#### [DATASET EXCERPT]
--------
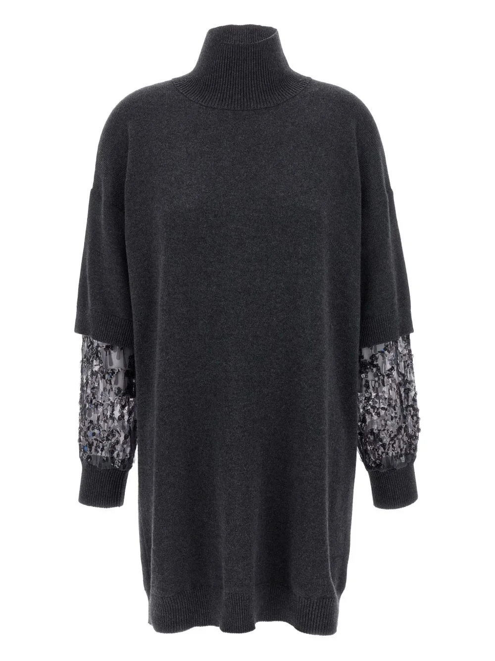sequin-embellished high-neck mini dress Highlights - Grey - Cashmere knit - High neck - Double-layered sleeves - Tulle insert - Sequin embellishment Made in Italy Composition Cashmere 100% Washing instructions Read Manufacturer Guidelines
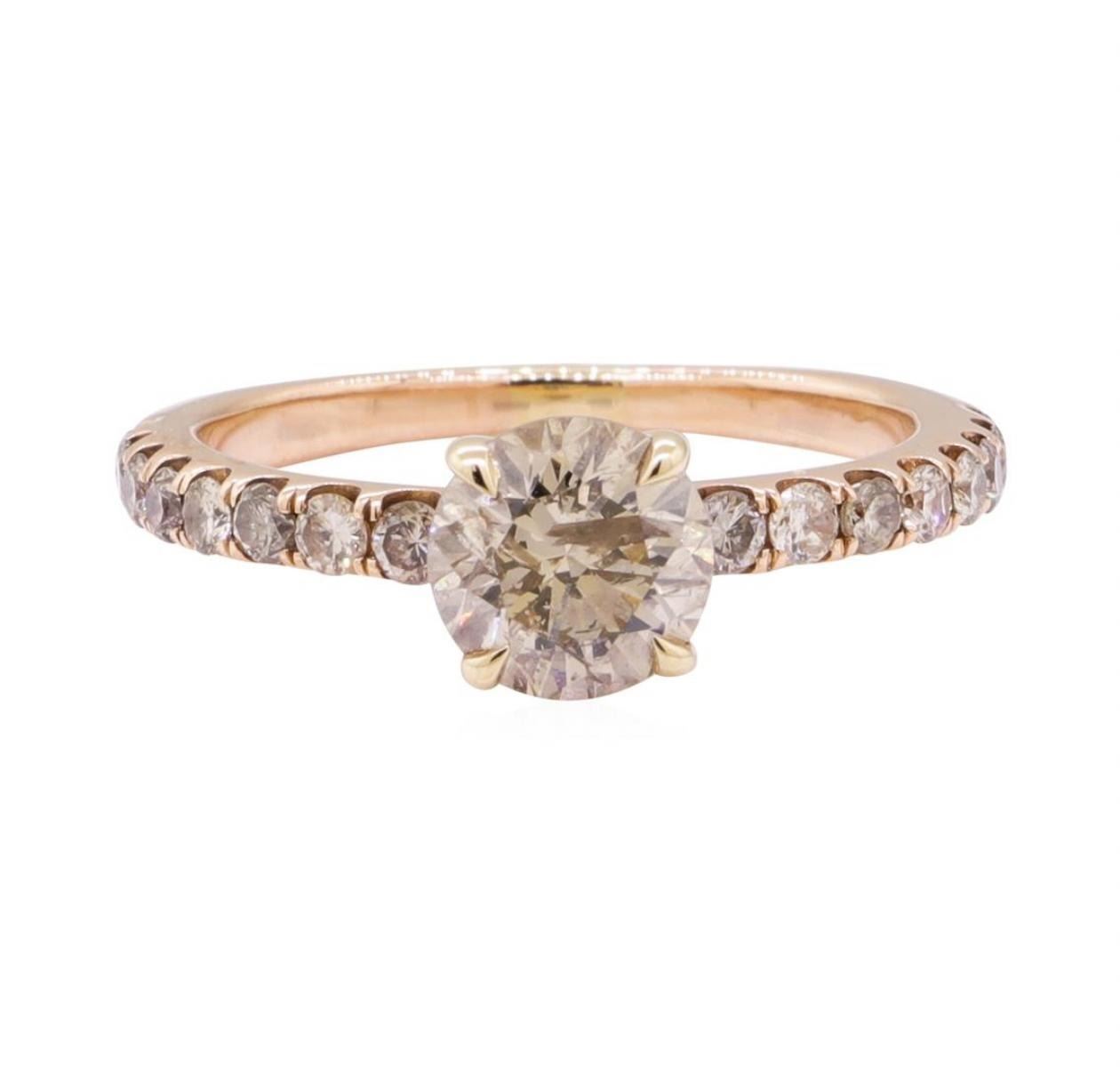 One electronically tested 18KT rose gold lady's cast wedding ring with a straight line motif with a bright polish finish. The featured lady's ring has a shank measuring 1.62 millimeters wide. Identified with markings of '18K'. Condition is like new, good workmanship. Containing: One prong set round brilliant cut diamond, measuring 6.55 - 6.52 x 4.04mm (depth est.) approximate weight of 1.05ct. Colored gemstones are presumed to have been subjected to commonly used enhancement processes. Graded in the setting. Color Fancy Light Orangy Pinkish Brown Clarity I-1 Cut Good Sixteen prong set round brilliant cut diamonds, measuring 1.80 - 1.70 x 1.09mm (depth est.) approximate total weight of 16 Stones = 0.35ct. Colored gemstones are presumed to have been subjected to commonly used enhancement processes. Graded in the setting. Color Fancy Light Orangy Pinkish Brown Clarity SI-1 to I-1 Cut Good. Total Weight of Diamonds 1.40ct.. Total Weight of Ring 2.60gm GAS Appraised at $7285.00. GAS Appraised.
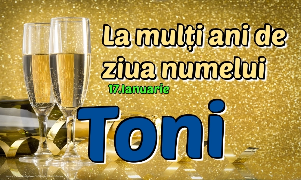 Această felicitare cu șampanie pentru bărbați din colecția noastră de felicitari de ziua numelui cu numele Toni are o notă de originalitate și îți oferă ocazia să faci o persoană să se simtă specială datorită faptului că acolo este numele ei. Felicitarea se poate descărca gratuit sau se poate trimite prin Whatsapp, Facebook, Twitter, Pinterest. Imagine de ziua onomastică cu șampanie pentru bărbați cu dimensiunile 1000px x 600px și cu textul 17.Ianuarie - La mulți ani de ziua numelui Toni!.
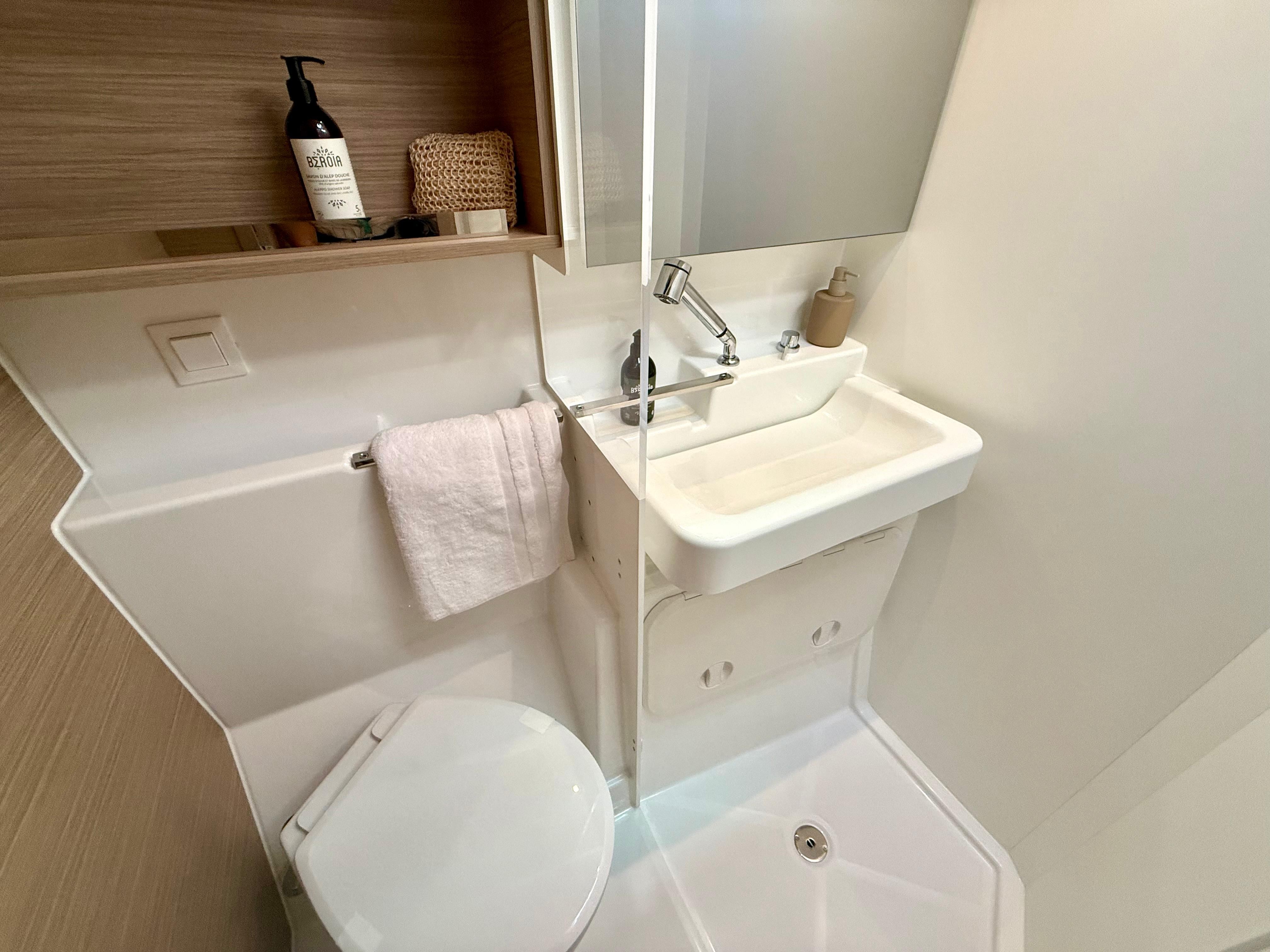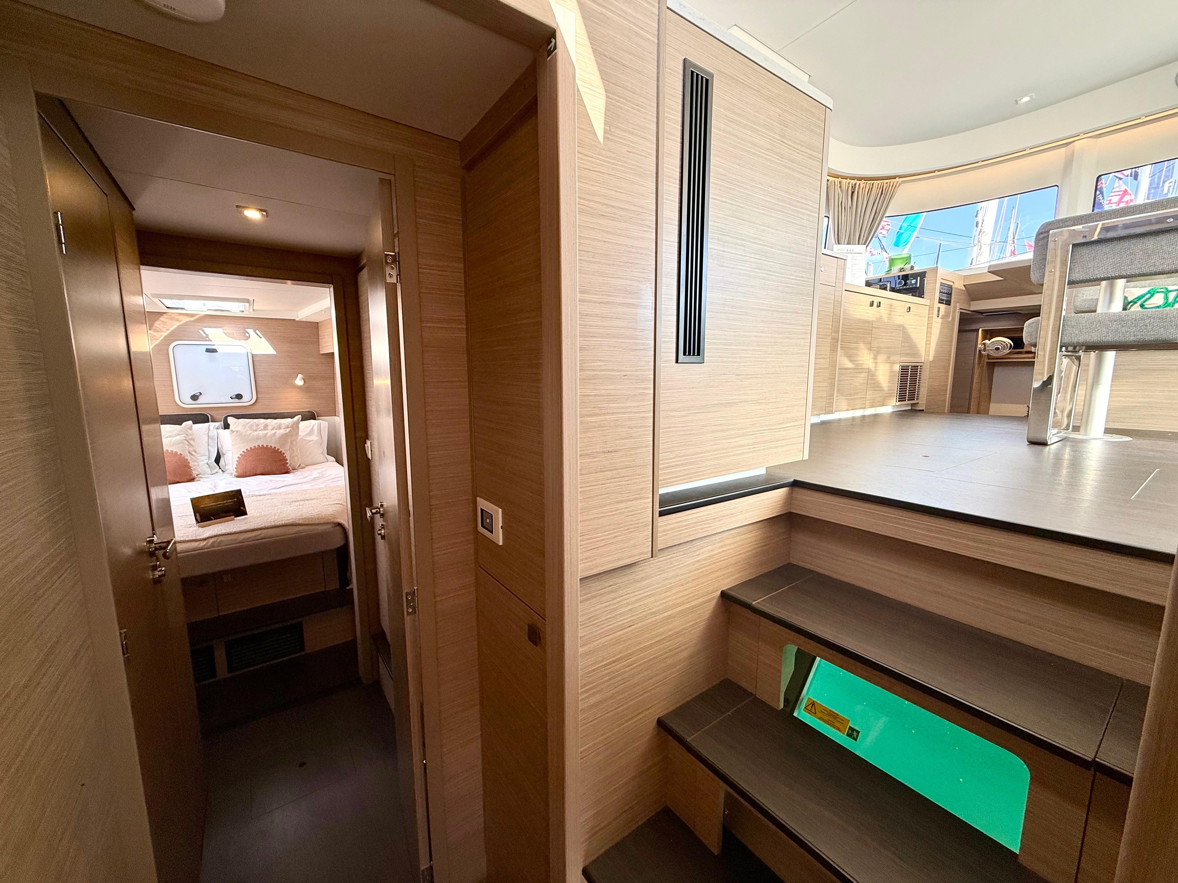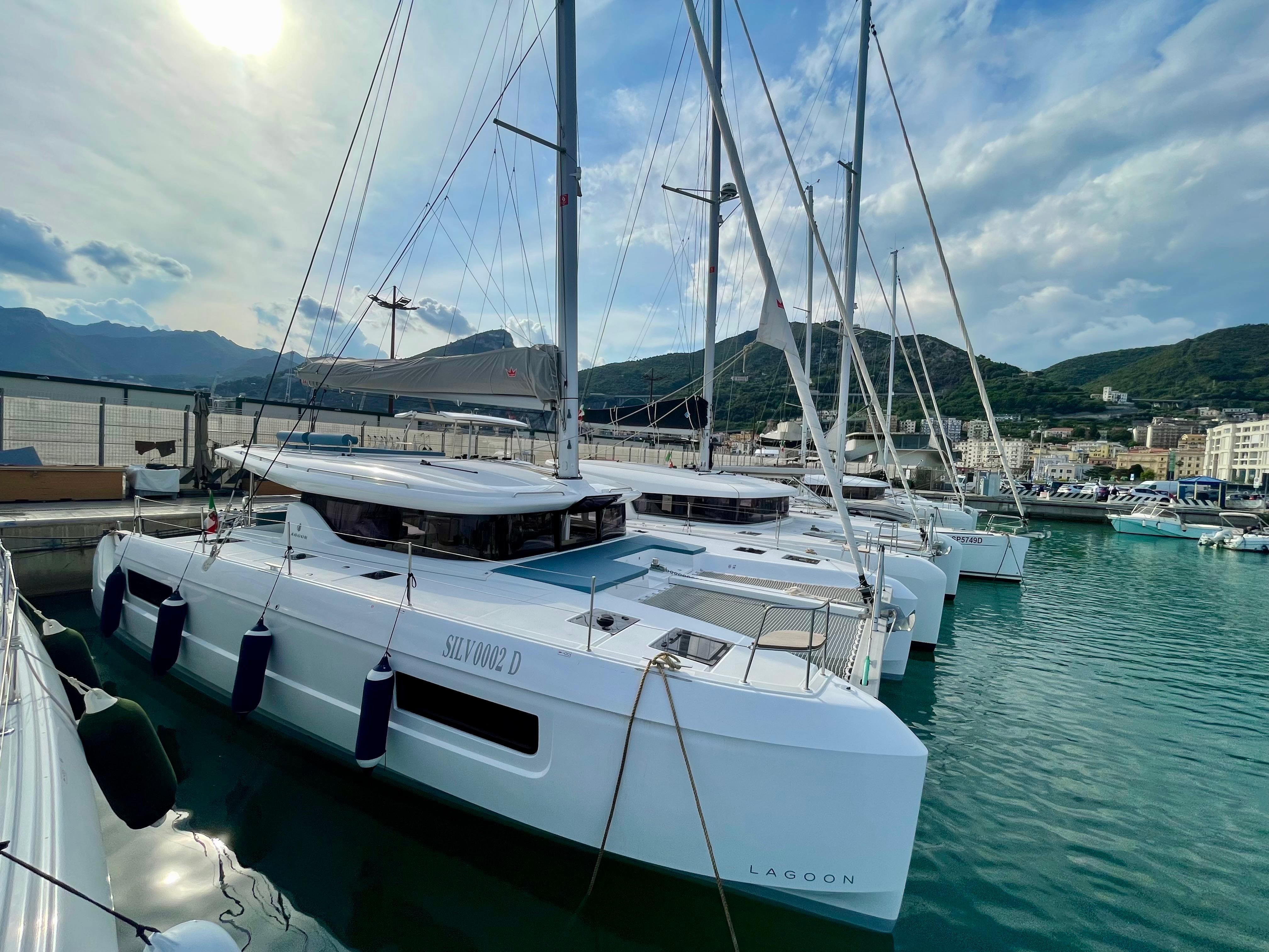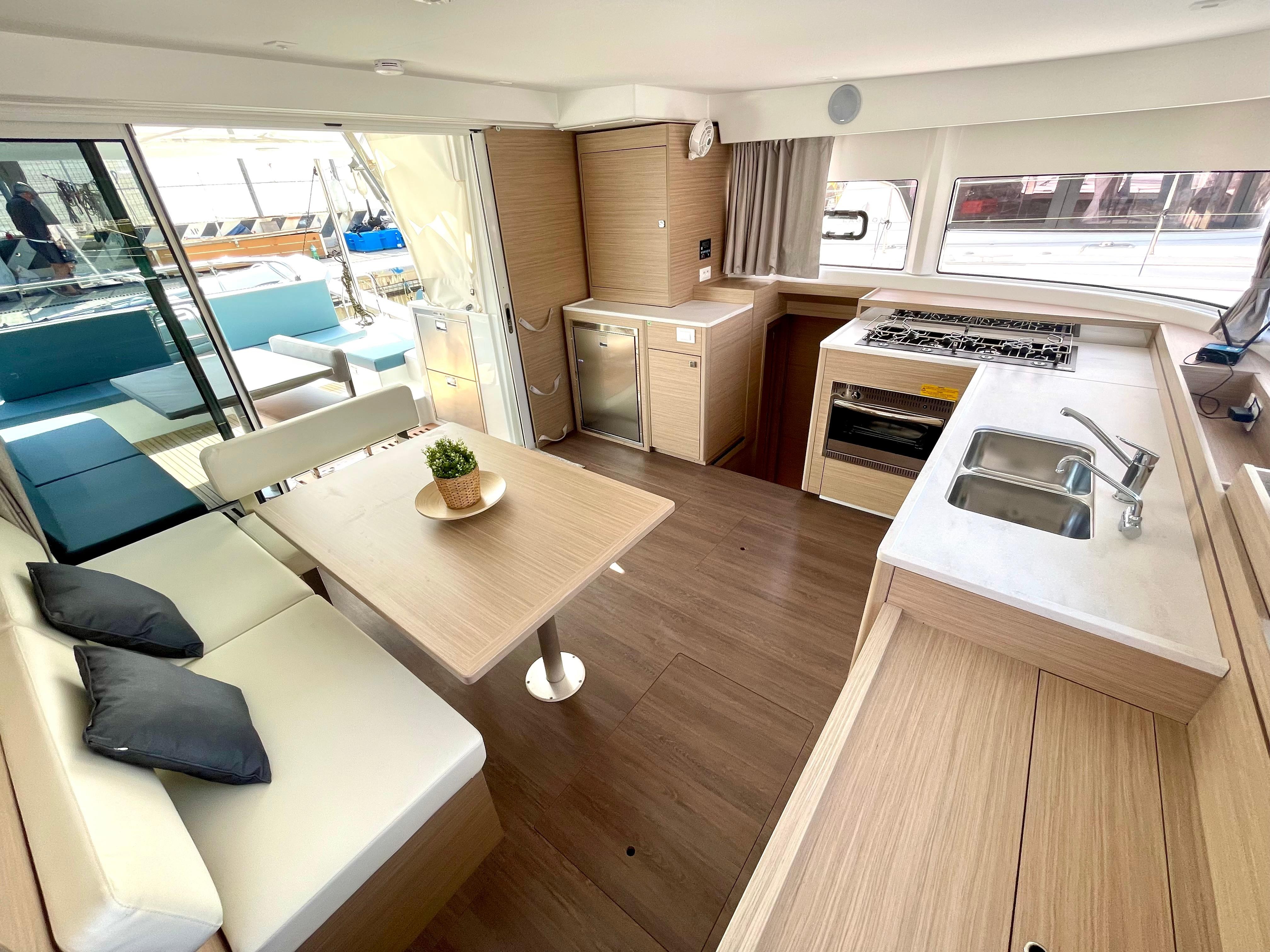 AutopilotPlotter in cockpitUSB SocketGPSRadio - cd players - bluethootSpeakers in Cockpitelectrical winch 50.2 at helm stationanodized aluminium mast and boom on the roofgenoa 37 mqwith Uv protective band1700W/12V electrical windlassCockpit fridge 150Lcomposite bimini, windscreen and enclosuredNatural wood on aft cockpit floor and transomswindlass remote control at helm station with chain counterAdditional aft portholes in aft cabins with sun curtainsAdditional pullman berth in aft port cabin (berth dimensions: 1.80x0.74m)Air conditioning in salon and cabinsConvertible dinetteCurtains and blinds in all cabinsfans in salon and cabinslateral portholes in salonSeparate shower with PMMA door il all headsinternal fridge 12v - 130LL-shaped galleyraymarine navigation packDINGHY 3,40mtanchor 25kg, 85 m anchor chain D12electric toilets in all cabinsindirect lighting in cabins and salonelectrical circuit 220V6 service batteries 95Amp + battery controller 50AmpMonitoring display Navicolorusb sockets in the cabinsdouble helmseat bench and wooden steps for roof accessS/steel dinghy hoist system &manual winch1 automatic immersed bilge per hull, with alarm signalinverter 12/220V 50HZ - mastervolt 2000 kwagenerator genset1 manual bilge pump per hullblack water circuit 4x80L
--------
#### [REQUIRED WORK]
This task calls for the listing to be restated exactly, with images omitted.

#### [SOLVED PROBLEM]
sequin-embellished high-neck mini dress Highlights - Grey - Cashmere knit - High neck - Double-layered sleeves - Tulle insert - Sequin embellishment Made in Italy Composition Cashmere 100% Washing instructions Read Manufacturer Guidelines
 One electronically tested 18KT rose gold lady's cast wedding ring with a straight line motif with a bright polish finish. The featured lady's ring has a shank measuring 1.62 millimeters wide. Identified with markings of '18K'. Condition is like new, good workmanship. Containing: One prong set round brilliant cut diamond, measuring 6.55 - 6.52 x 4.04mm (depth est.) approximate weight of 1.05ct. Colored gemstones are presumed to have been subjected to commonly used enhancement processes. Graded in the setting. Color Fancy Light Orangy Pinkish Brown Clarity I-1 Cut Good Sixteen prong set round brilliant cut diamonds, measuring 1.80 - 1.70 x 1.09mm (depth est.) approximate total weight of 16 Stones = 0.35ct. Colored gemstones are presumed to have been subjected to commonly used enhancement processes. Graded in the setting. Color Fancy Light Orangy Pinkish Brown Clarity SI-1 to I-1 Cut Good. Total Weight of Diamonds 1.40ct.. Total Weight of Ring 2.60gm GAS Appraised at $7285.00. GAS Appraised.
 Această felicitare cu șampanie pentru bărbați din colecția noastră de felicitari de ziua numelui cu numele Toni are o notă de originalitate și îți oferă ocazia să faci o persoană să se simtă specială datorită faptului că acolo este numele ei. Felicitarea se poate descărca gratuit sau se poate trimite prin Whatsapp, Facebook, Twitter, Pinterest. Imagine de ziua onomastică cu șampanie pentru bărbați cu dimensiunile 1000px x 600px și cu textul 17.Ianuarie - La mulți ani de ziua numelui Toni!.
 AutopilotPlotter in cockpitUSB SocketGPSRadio - cd players - bluethootSpeakers in Cockpitelectrical winch 50.2 at helm stationanodized aluminium mast and boom on the roofgenoa 37 mqwith Uv protective band1700W/12V electrical windlassCockpit fridge 150Lcomposite bimini, windscreen and enclosuredNatural wood on aft cockpit floor and transomswindlass remote control at helm station with chain counterAdditional aft portholes in aft cabins with sun curtainsAdditional pullman berth in aft port cabin (berth dimensions: 1.80x0.74m)Air conditioning in salon and cabinsConvertible dinetteCurtains and blinds in all cabinsfans in salon and cabinslateral portholes in salonSeparate shower with PMMA door il all headsinternal fridge 12v - 130LL-shaped galleyraymarine navigation packDINGHY 3,40mtanchor 25kg, 85 m anchor chain D12electric toilets in all cabinsindirect lighting in cabins and salonelectrical circuit 220V6 service batteries 95Amp + battery controller 50AmpMonitoring display Navicolorusb sockets in the cabinsdouble helmseat bench and wooden steps for roof accessS/steel dinghy hoist system &manual winch1 automatic immersed bilge per hull, with alarm signalinverter 12/220V 50HZ - mastervolt 2000 kwagenerator genset1 manual bilge pump per hullblack water circuit 4x80L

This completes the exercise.